To his right, a black poodle was doing its very best to run through the symmetrical gardens carrying a stick nearly as large as itself. Doug smiled.

Those poor tulips, he thought, as he reached the fork in the path.

The duck pond was outside in the spectacular sunshine but the hot house was itself spectacular. All those cacti and living stones and avocados. Not to mention the carnivorous plants.

Doug had briefly kept a small collection of Venus fly-traps and pitcher plants by his kitchen window before they all succumbed to hypo-hydration.
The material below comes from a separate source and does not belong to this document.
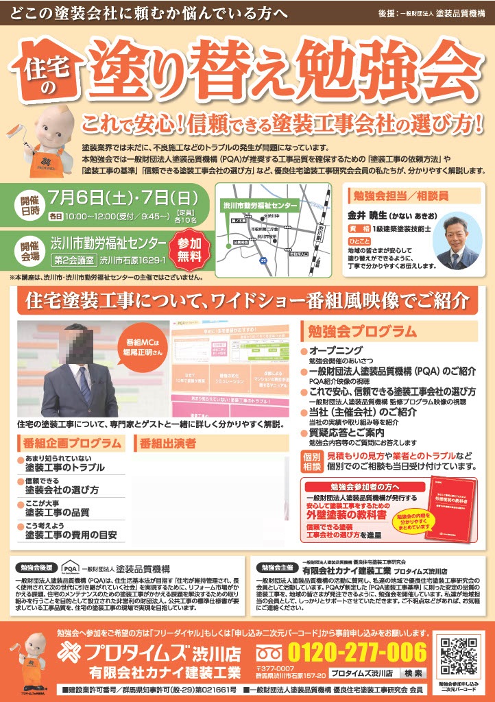 7月6日(土)7日(日)塗り替え勉強会開催!

He sat down on a bench to mull over the possibilities. Suddenly, a great cloud rolled across the sun and opened itself out into a sheet of rain. The breeze picked up enthusiasm, hoping to be promoted to wind. Doug suddenly found himself cold and soaked through.

Oh well, that solves that.

He stood up, put his head down and made for home at a hasty saunter.

            Once he was in through the door he put the kettle on.

‘Damn,’ he said as he remembered he hadn’t gone to the shop yet.

‘Damn,’ he said as he looked down at the half cooked bacon in the frying pan.

‘Damn,’ he said as he looked from the washing machine to the window.

‘Shit,’ he said as he went to take off his shoes and noticed the faecal footprints that led back to the front door.

‘I'm going back to bed.’

About the author:

Bio:

Andrew Kerr is a Belfast-born writer living in Vietnam whose short fiction explores humour, memory, and the small absurdities that quietly shape everyday life.